**WHAT YOU HAVE TO DO**
Would you repeat the data below exactly, taking out the images?

**SOURCE DATA**
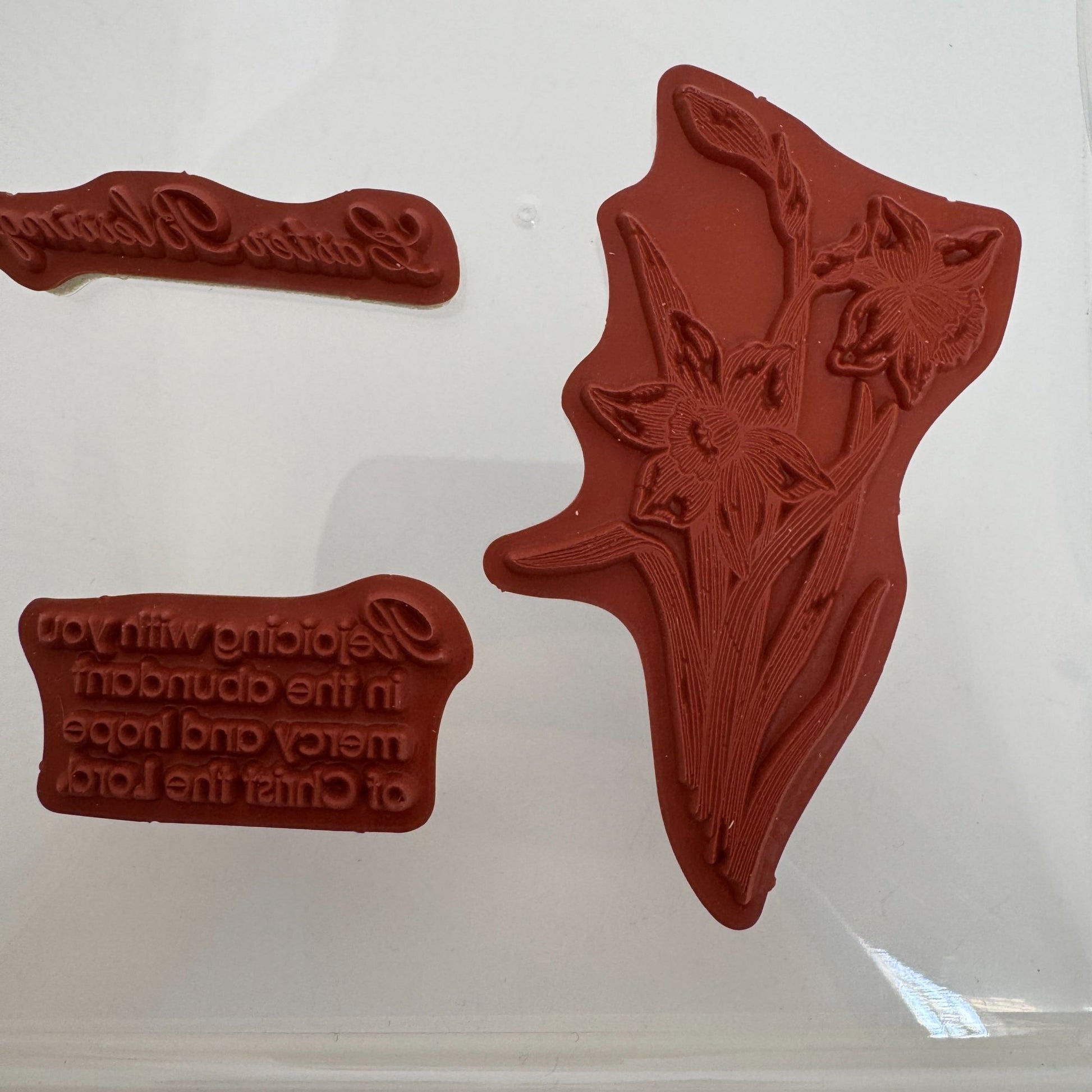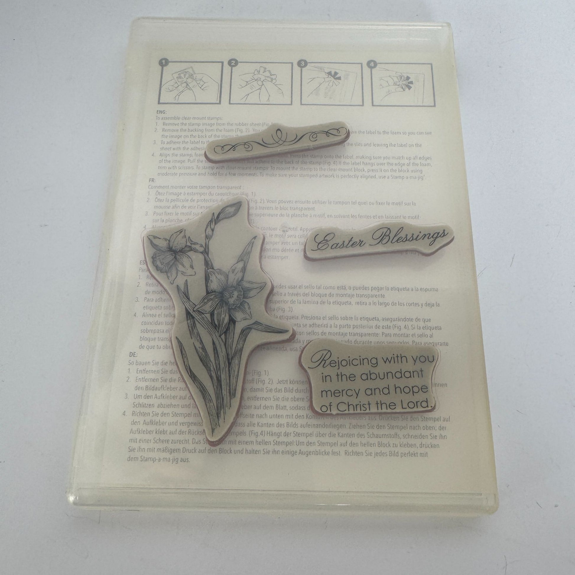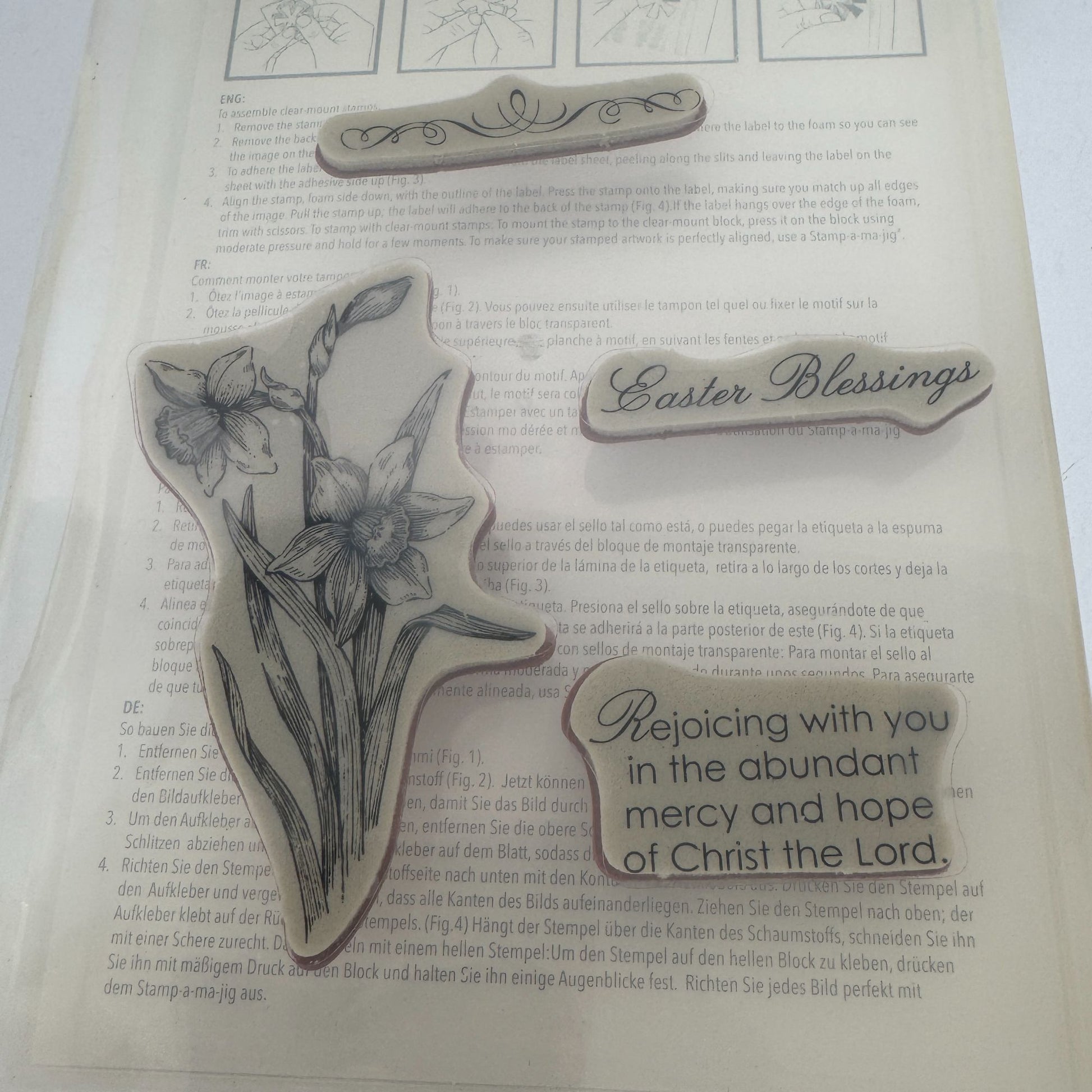 • Set Of 4 Unmounted Rubber Stamps: Easter Blessings, Rejoicing with you in the abundant mercy and hope of Christ the Lord, Easter lilies and decorative edge motif
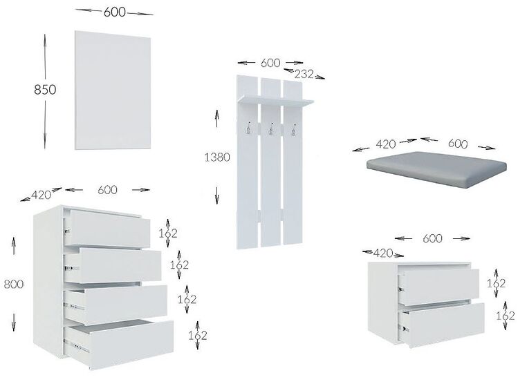 Predsieňová stena vyrobená z kvalitnej laminátovej dosky vo farebnom prevedení - chinchilla grey. Zostava sa skladá (š/v/h) - panel s vešiakom (60 x 138 x 23,2 cm),komoda so zásuvkami (60 x 80 x 42 cm),botník so zásuvkami (60 x 40 x 42 cm) a zrkadlo (60 x 85 cm). Ďalšie rozmery viď perokresba.... více informací o zboží
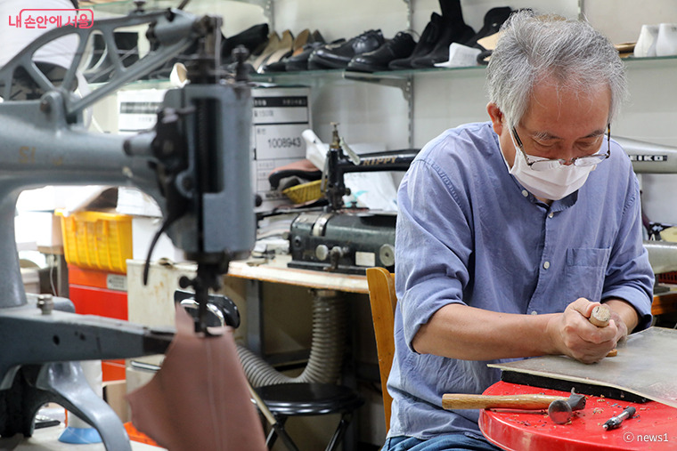 서울 성동구 성수동에서 수제화를 만드는 장인의 모습
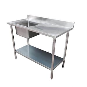 FED 1200-6-SSBL Single Sink Bench – 1200mm Left Sink Stainless Steel
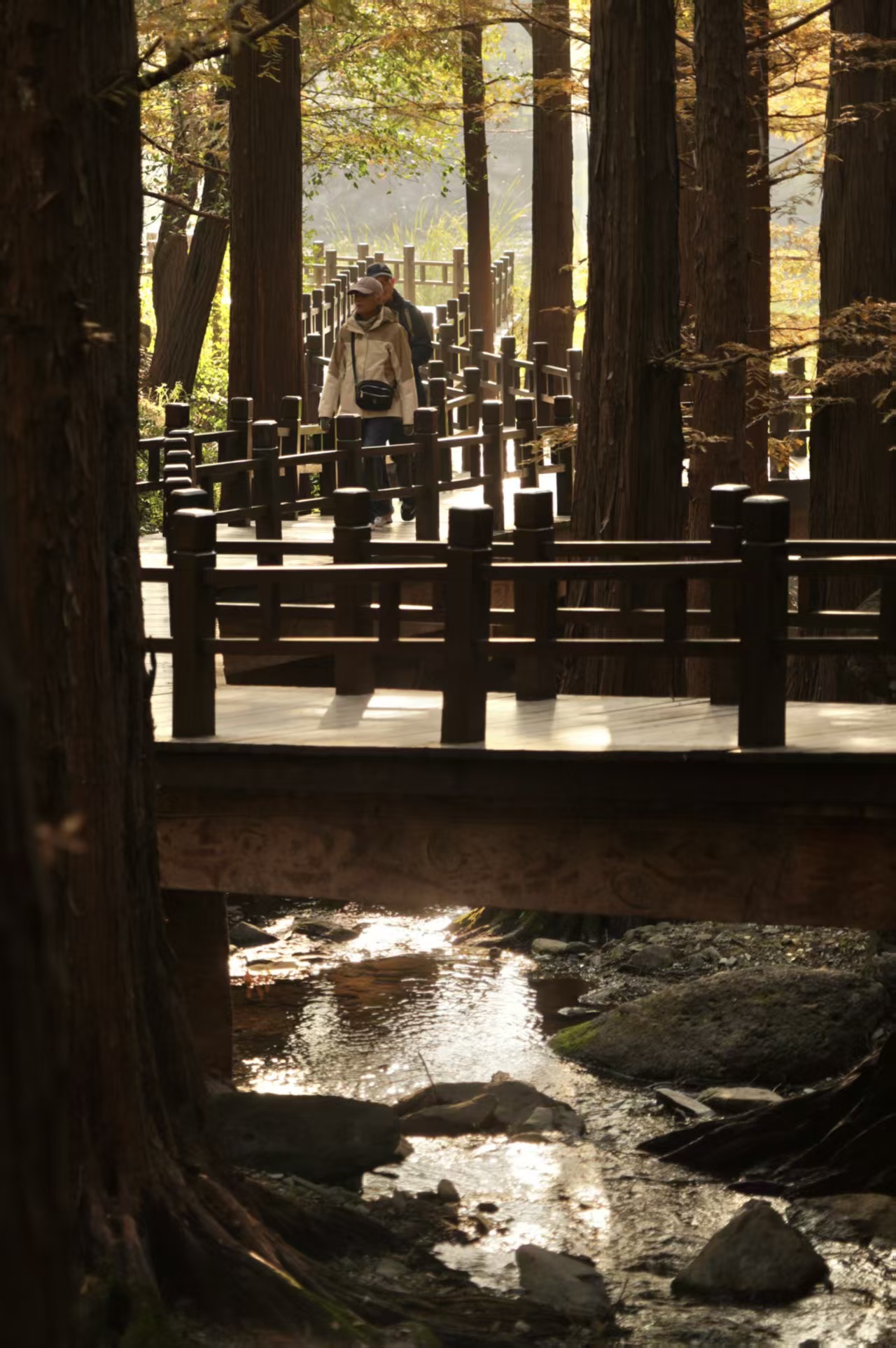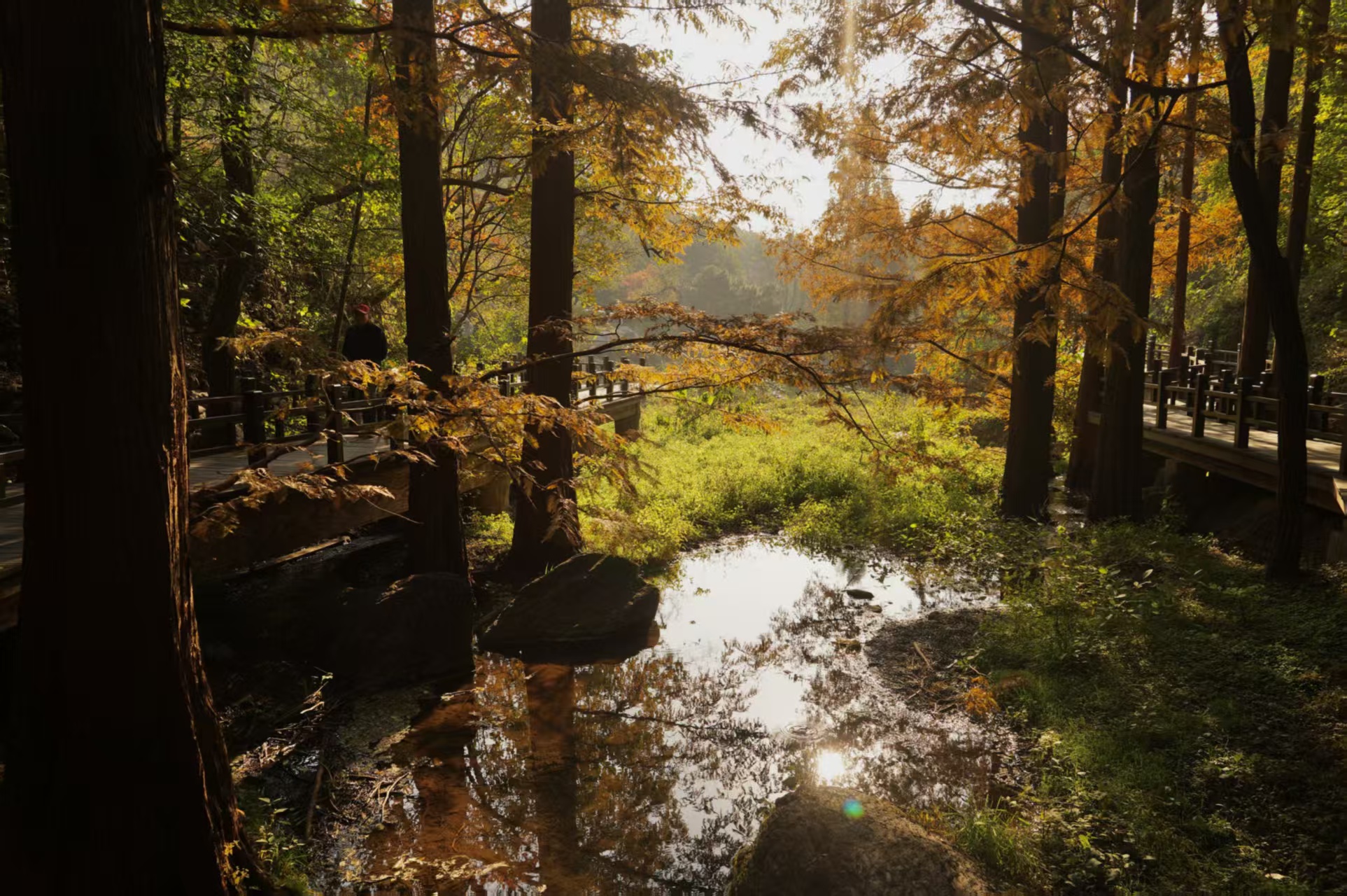 漫步林间,脚下是松软的落叶层,耳畔是鸟鸣与溪流声,抬头可见阳光透过枝叶形成的丁达尔效应,橙红色的水杉与清澈的樱桃沟溪流相映成趣,构成一幅动静结合的秋日生态画卷。

**WRITTEN SOLUTION**
 • Set Of 4 Unmounted Rubber Stamps: Easter Blessings, Rejoicing with you in the abundant mercy and hope of Christ the Lord, Easter lilies and decorative edge motif
 Predsieňová stena vyrobená z kvalitnej laminátovej dosky vo farebnom prevedení - chinchilla grey. Zostava sa skladá (š/v/h) - panel s vešiakom (60 x 138 x 23,2 cm),komoda so zásuvkami (60 x 80 x 42 cm),botník so zásuvkami (60 x 40 x 42 cm) a zrkadlo (60 x 85 cm). Ďalšie rozmery viď perokresba.... více informací o zboží
 서울 성동구 성수동에서 수제화를 만드는 장인의 모습
 FED 1200-6-SSBL Single Sink Bench – 1200mm Left Sink Stainless Steel
 漫步林间,脚下是松软的落叶层,耳畔是鸟鸣与溪流声,抬头可见阳光透过枝叶形成的丁达尔效应,橙红色的水杉与清澈的樱桃沟溪流相映成趣,构成一幅动静结合的秋日生态画卷。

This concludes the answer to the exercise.